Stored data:

▽

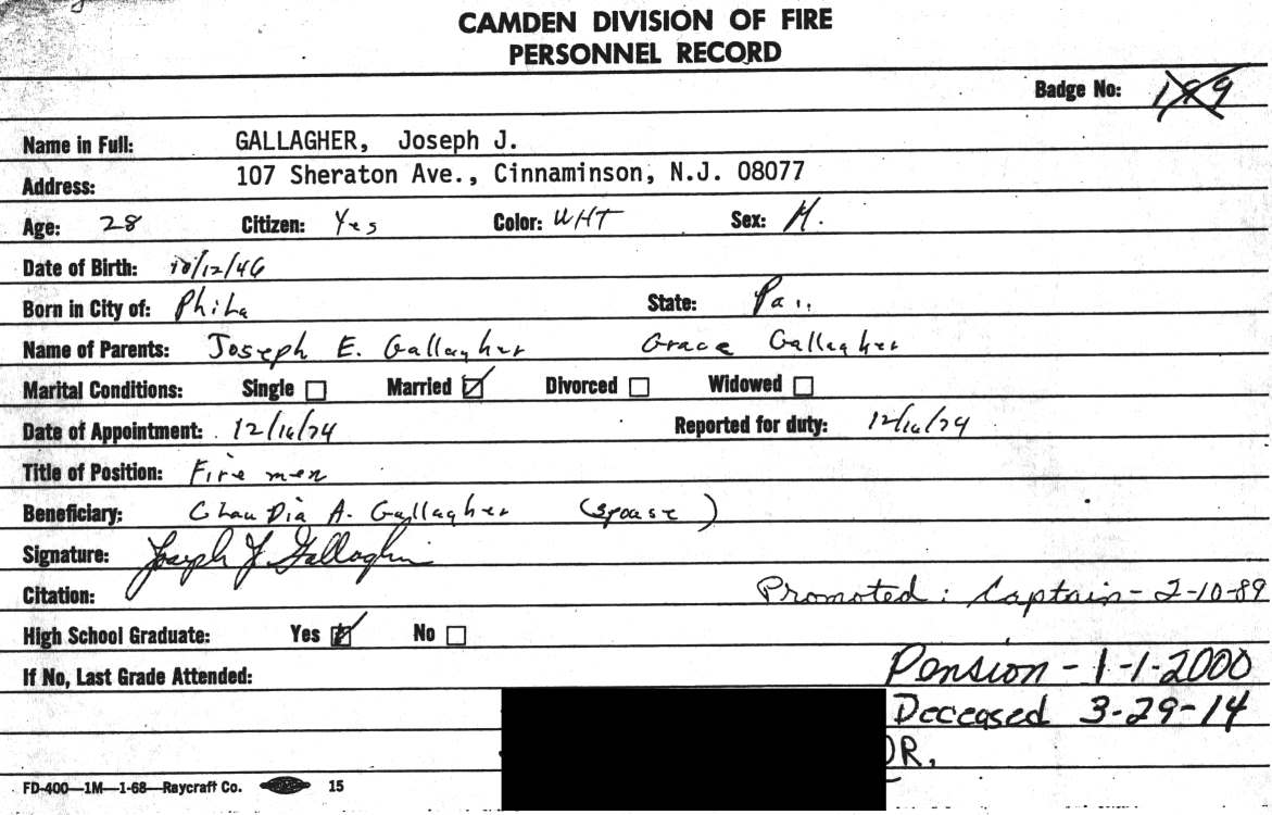 In the last week or so, but most especially in the last two days, many have asked me “Who is Joe Gallagher?” Joe is the man for whom we named our third son- Casey Joseph. This is how much this man means to my family. Joe retired as a Battalion Chief from the Camden (NJ) Fire Department after an exemplary 20+ year career. I first met Joe in the late 1990 when I was taking Firefighter I at the Burlington County (NJ) Fire Academy. He was an instructor for several topics- one I can remember vividly was HNA’s (hose, nozzles and appliances) and SCBA. He was also a supervisory instructor/stoker for several of the live burns. I can remember one burn in particular where he really tore into me for standing up too much inside the burn building during live fire. Eventually I figured out on my own not to do it anymore when he stoked up one fire a little bit above and beyond a simple training burn. It burned all right- my ears, shoulders and neck. I was known as “the kid from Pennsylvania” as I was the only one from Pa…….Because Burlington County ran the class not long after I joined the fire company when I was 16, and also because they allowed Junior Firefighters to go interior for training. I don’t think this is done anymore. At the graduation ceremonies, all of the instructors congratulated us, and I can remember Joe in particular shaking my hand and saying “I can see you going places in this business; you have it in your blood.” A few years later, my close friend Joel Bain was hired onto the Camden Fire Department. He was assigned to Engine Company 9 at 27th and Federal Streets with Ladder Company 3. The first time I went to visit Joel, I was pleasantly surprised to find that “Instructor Gallagher” was “Captain Gallagher”, the boss of Ladder 3 on the same shift as Joel. He immediately recognized me as “The Kid from the other side of the river.” Eventually the visits to 27th and Federal were to visit both Joel and Joe. Whenever the companies would turn out for an alarm, Joe would throw me onto Ladder 3. It was a great experience to a 17 year old kid from a slow volly company in the suburbs of Philly to be riding with an urban truck company on a beat up Mack Aerialscope through the streets of some of the worst ghettos in the United States. Joe, Joel and the other members of Engine 9 and Ladder 3 taught me a lot about firefighting, but more about being a part of the Brotherhood. In time, Joe took the exams for Battalion Chief, and was promoted. Joel eventually moved on to other companies within the Department, where I would go and visit and spend time, but I also made time to go visit with Joe, who was assigned to Battalion 2. Joe and I developed a friendship outside of the fire service as well through our mutual love of aviation and airplanes. He was a member of the Civil Air Patrol, and spent a lot of time at McGuire Air Force Base. We learned that we had mutual acquaintances at the McGuire AFB Fire Department. At the time, Joe and his wife Sue lived primarily in Riverside, New Jersey- but also owned a vacation home in the Outer Banks of North Carolina where they spent a lot of time. Our friendship expanded to the point where Joe and Sue invited me- insisted that I spend time at their place in the Outer Banks. I think my first time there was a long weekend around 1995 or 1996. My trips there became more frequent and longer in duration. Towards the end of his career, before he retired- they sold their home in Riverside NJ and Sue moved to the OBX house full time. Joe made do with a small apartment in NJ and also traveled between the OBX and NJ in between tours at the firehouse. There are not words adequate enough to describe the enormity of Joe and Sue’s hospitality. I knew Joe to be an incredible cook in the firehouse, but his culinary abilities in his own kitchen with some fresh seafood could rival that of any professional Chef’s. Joe and Sue lived to entertain guests. And woes you if you tried to offer them some money to help out with the groceries for the week. When I met my wife Star, she had never been to the Outer Banks before. When it came time for us to take a vacation together- I think she was somewhat hesitant to go stay with a couple that she had never met before. I explained to her that it was unlike staying with anyone you have ever stayed with before- there is not that feeling of intrusion or being a pain in the ass to your hosts. Joe’s home was large enough that guests had their own “wing” with a bedroom and sitting area with a TV, as well as a large bathroom. Joe and Sue always made it a point to stress that you could “come and go as you please” but would always want to know when you would be “home” so that Joe would know when to make dinner!!! Their hospitality also extended to their home- the hot tub, Joe’s movie collection, his tools if you needed to do a repair to your car…….. and beach supplies- you name it, they have it. Beach chairs, blankets, tents, awnings, umbrellas, kid’s shovels and pails, and of course- Joe’s kites!!! Joe LOVED to fly kites with the kids. It should never be forgotten that Joe was always a kid at heart. No matter what you needed for your beach trip, it was yours for the taking. And Joe would always educate you on the best beaches to go to and what entrances to use. And woes you if you forgot to “air down” the tires on your 4x4 and you got stuck. Joe would always wag a finger at you as he said “don’t forget to let the air down!” And once in a while, Joe and Sue would join you on the beach if they were feeling up to it. Joe and Sue were always delighted to see our kids- who were treated as if they were their own grandchildren. There has not been a holiday or birthday since Cody was born in 2003 that the boys have not gotten a card and check. And wow were they spoiled rotten whenever we would visit. There was always too much candy, potato chips, cakes, cookies……Yep. You name it, they 
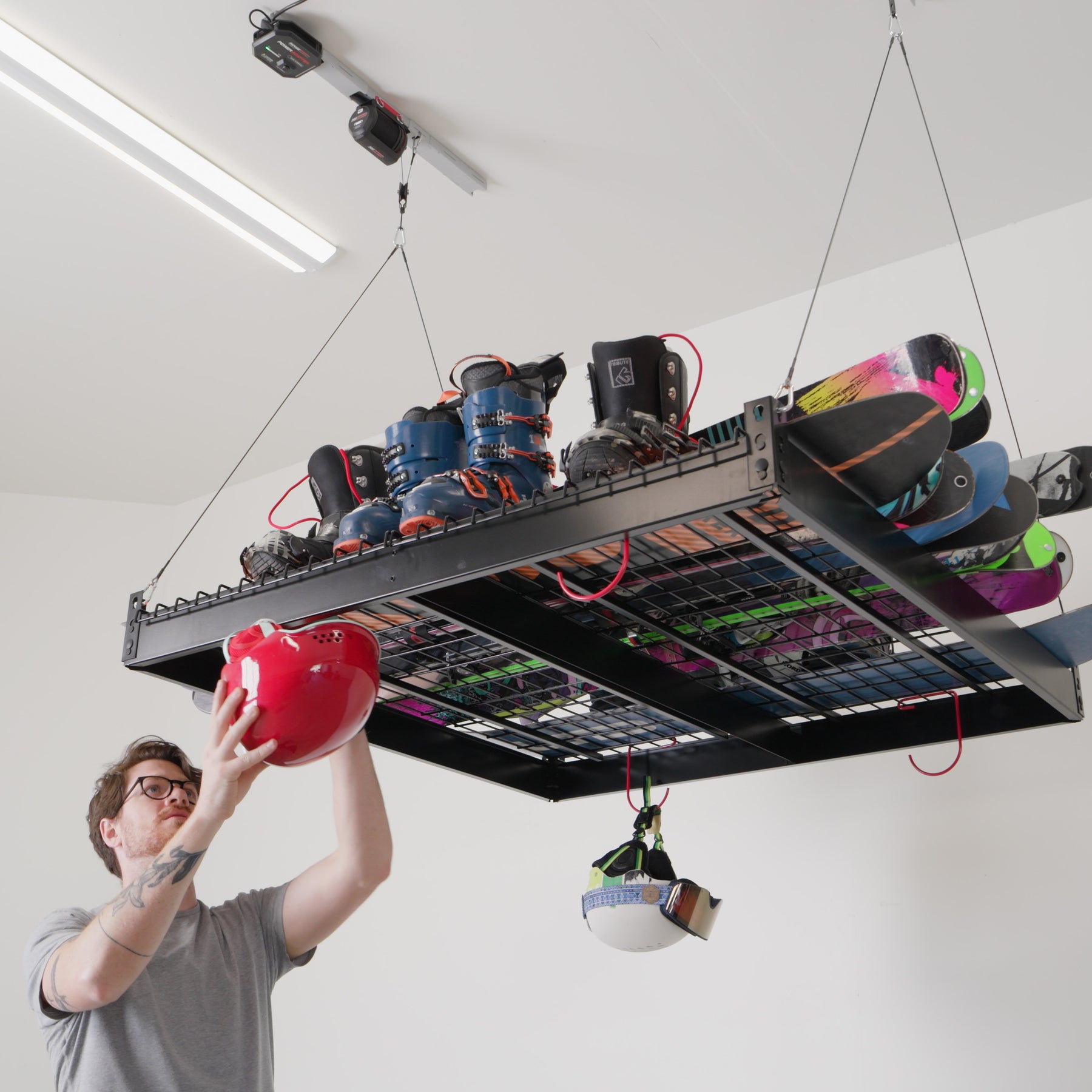 Because the hooks hang below the platform, you will not be able to lower the platform completely to the ground.
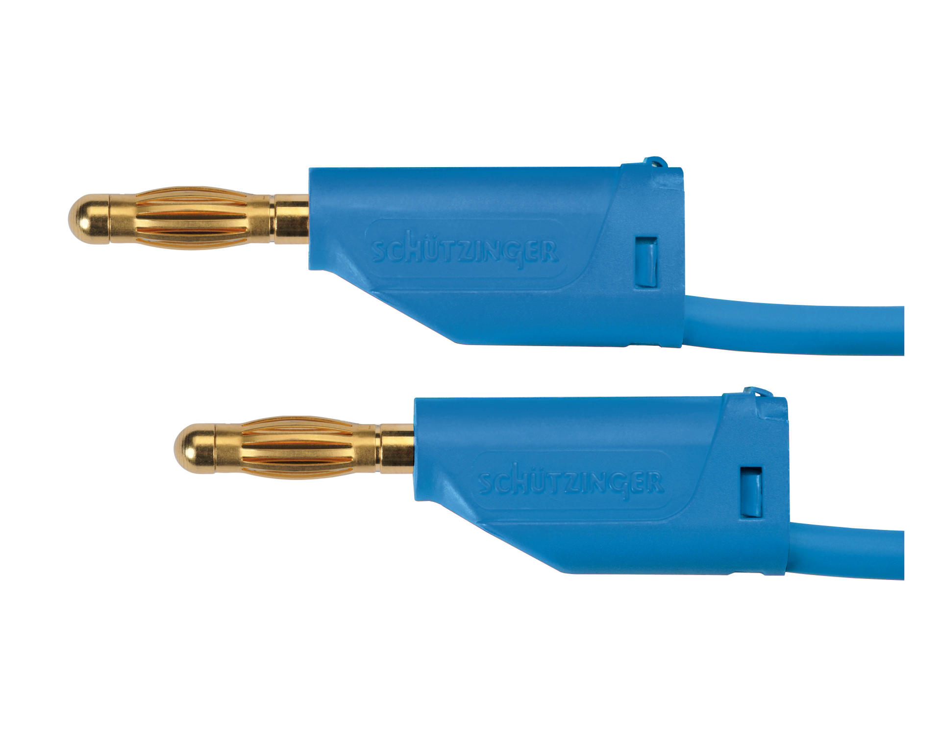 - 2 Federkorbstecker mit axialer Steckbuchse, konfektioniert an hochflexibler, doppelt-isolierter PVC- Leitung 1 mm²
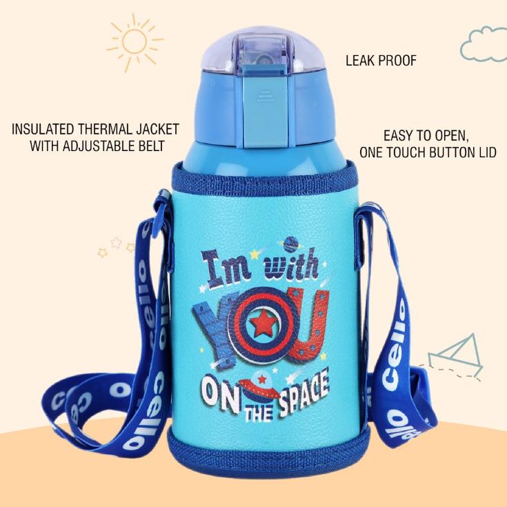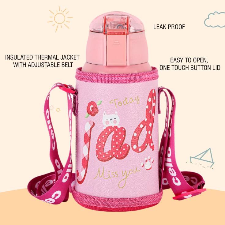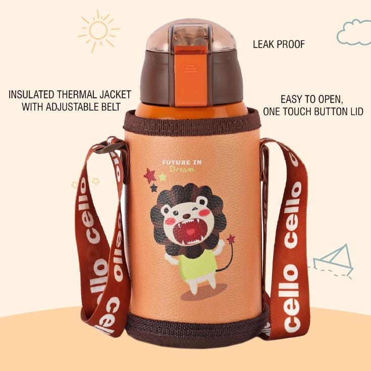 The Kido Kids Water Bottle, brought to you by Cello Kidzbee, boasts a generous 500ml capacity, making it the perfect hydration companion for your young ones. Its charm lies not just in its size, but also in its visually appealing design. Adorned with cute and delightful prints, this water bottle is an instant favorite among kids. Additionally, it comes complete with a matching jacket and an adjustable neck strap, making it not only practical but also a stylish accessory for your child.
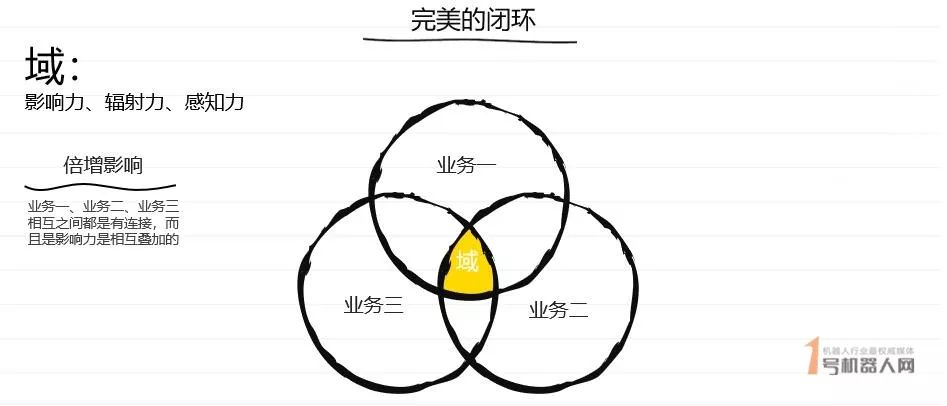 如智伴业务模式:广告轰炸——经销商大会——压货;如峰傅智慧业务模式:Baby+Zenbo机器人——幼儿园——周边产品;等等至少会分三步骤去构建一个循环。我们可以理解为业务一、业务二、业务三,这三大业务相互之间是有连接的,可相互迭加影响力。如果三者之间是没有联系的,或者是毫无相关的业务,那基本上是不会有作用的。
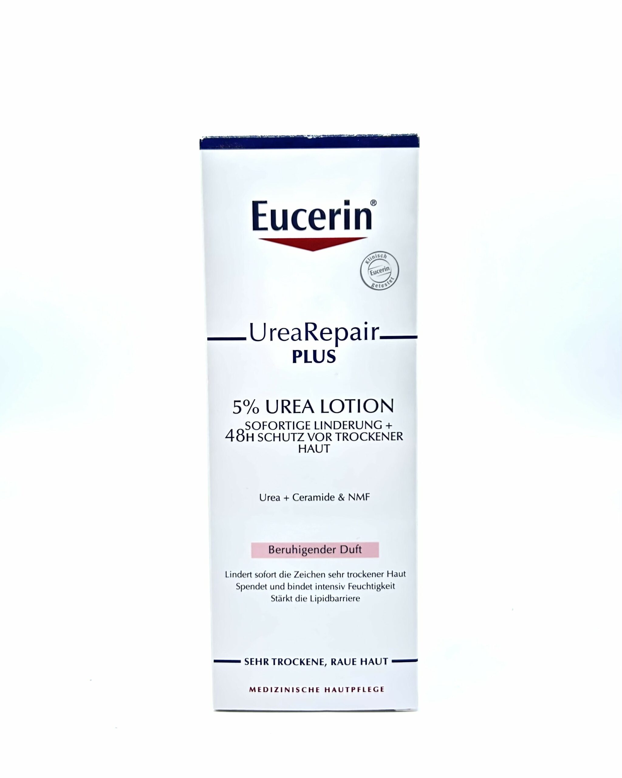 Eucerin Urea Repair plus 5% Lotion spendet intensive Feuchtigkeit und beruhigt die Haut sofort. Sie schützt 48 Stunden vor Trockenheit.

△

• **Your objective**: Copy all of the entries verbatim, leaving out any pictures they contain.

• **Your response**:
 In the last week or so, but most especially in the last two days, many have asked me “Who is Joe Gallagher?” Joe is the man for whom we named our third son- Casey Joseph. This is how much this man means to my family. Joe retired as a Battalion Chief from the Camden (NJ) Fire Department after an exemplary 20+ year career. I first met Joe in the late 1990 when I was taking Firefighter I at the Burlington County (NJ) Fire Academy. He was an instructor for several topics- one I can remember vividly was HNA’s (hose, nozzles and appliances) and SCBA. He was also a supervisory instructor/stoker for several of the live burns. I can remember one burn in particular where he really tore into me for standing up too much inside the burn building during live fire. Eventually I figured out on my own not to do it anymore when he stoked up one fire a little bit above and beyond a simple training burn. It burned all right- my ears, shoulders and neck. I was known as “the kid from Pennsylvania” as I was the only one from Pa…….Because Burlington County ran the class not long after I joined the fire company when I was 16, and also because they allowed Junior Firefighters to go interior for training. I don’t think this is done anymore. At the graduation ceremonies, all of the instructors congratulated us, and I can remember Joe in particular shaking my hand and saying “I can see you going places in this business; you have it in your blood.” A few years later, my close friend Joel Bain was hired onto the Camden Fire Department. He was assigned to Engine Company 9 at 27th and Federal Streets with Ladder Company 3. The first time I went to visit Joel, I was pleasantly surprised to find that “Instructor Gallagher” was “Captain Gallagher”, the boss of Ladder 3 on the same shift as Joel. He immediately recognized me as “The Kid from the other side of the river.” Eventually the visits to 27th and Federal were to visit both Joel and Joe. Whenever the companies would turn out for an alarm, Joe would throw me onto Ladder 3. It was a great experience to a 17 year old kid from a slow volly company in the suburbs of Philly to be riding with an urban truck company on a beat up Mack Aerialscope through the streets of some of the worst ghettos in the United States. Joe, Joel and the other members of Engine 9 and Ladder 3 taught me a lot about firefighting, but more about being a part of the Brotherhood. In time, Joe took the exams for Battalion Chief, and was promoted. Joel eventually moved on to other companies within the Department, where I would go and visit and spend time, but I also made time to go visit with Joe, who was assigned to Battalion 2. Joe and I developed a friendship outside of the fire service as well through our mutual love of aviation and airplanes. He was a member of the Civil Air Patrol, and spent a lot of time at McGuire Air Force Base. We learned that we had mutual acquaintances at the McGuire AFB Fire Department. At the time, Joe and his wife Sue lived primarily in Riverside, New Jersey- but also owned a vacation home in the Outer Banks of North Carolina where they spent a lot of time. Our friendship expanded to the point where Joe and Sue invited me- insisted that I spend time at their place in the Outer Banks. I think my first time there was a long weekend around 1995 or 1996. My trips there became more frequent and longer in duration. Towards the end of his career, before he retired- they sold their home in Riverside NJ and Sue moved to the OBX house full time. Joe made do with a small apartment in NJ and also traveled between the OBX and NJ in between tours at the firehouse. There are not words adequate enough to describe the enormity of Joe and Sue’s hospitality. I knew Joe to be an incredible cook in the firehouse, but his culinary abilities in his own kitchen with some fresh seafood could rival that of any professional Chef’s. Joe and Sue lived to entertain guests. And woes you if you tried to offer them some money to help out with the groceries for the week. When I met my wife Star, she had never been to the Outer Banks before. When it came time for us to take a vacation together- I think she was somewhat hesitant to go stay with a couple that she had never met before. I explained to her that it was unlike staying with anyone you have ever stayed with before- there is not that feeling of intrusion or being a pain in the ass to your hosts. Joe’s home was large enough that guests had their own “wing” with a bedroom and sitting area with a TV, as well as a large bathroom. Joe and Sue always made it a point to stress that you could “come and go as you please” but would always want to know when you would be “home” so that Joe would know when to make dinner!!! Their hospitality also extended to their home- the hot tub, Joe’s movie collection, his tools if you needed to do a repair to your car…….. and beach supplies- you name it, they have it. Beach chairs, blankets, tents, awnings, umbrellas, kid’s shovels and pails, and of course- Joe’s kites!!! Joe LOVED to fly kites with the kids. It should never be forgotten that Joe was always a kid at heart. No matter what you needed for your beach trip, it was yours for the taking. And Joe would always educate you on the best beaches to go to and what entrances to use. And woes you if you forgot to “air down” the tires on your 4x4 and you got stuck. Joe would always wag a finger at you as he said “don’t forget to let the air down!” And once in a while, Joe and Sue would join you on the beach if they were feeling up to it. Joe and Sue were always delighted to see our kids- who were treated as if they were their own grandchildren. There has not been a holiday or birthday since Cody was born in 2003 that the boys have not gotten a card and check. And wow were they spoiled rotten whenever we would visit. There was always too much candy, potato chips, cakes, cookies……Yep. You name it, they 
 Because the hooks hang below the platform, you will not be able to lower the platform completely to the ground.
 - 2 Federkorbstecker mit axialer Steckbuchse, konfektioniert an hochflexibler, doppelt-isolierter PVC- Leitung 1 mm²
 The Kido Kids Water Bottle, brought to you by Cello Kidzbee, boasts a generous 500ml capacity, making it the perfect hydration companion for your young ones. Its charm lies not just in its size, but also in its visually appealing design. Adorned with cute and delightful prints, this water bottle is an instant favorite among kids. Additionally, it comes complete with a matching jacket and an adjustable neck strap, making it not only practical but also a stylish accessory for your child.
 如智伴业务模式:广告轰炸——经销商大会——压货;如峰傅智慧业务模式:Baby+Zenbo机器人——幼儿园——周边产品;等等至少会分三步骤去构建一个循环。我们可以理解为业务一、业务二、业务三,这三大业务相互之间是有连接的,可相互迭加影响力。如果三者之间是没有联系的,或者是毫无相关的业务,那基本上是不会有作用的。
 Eucerin Urea Repair plus 5% Lotion spendet intensive Feuchtigkeit und beruhigt die Haut sofort. Sie schützt 48 Stunden vor Trockenheit.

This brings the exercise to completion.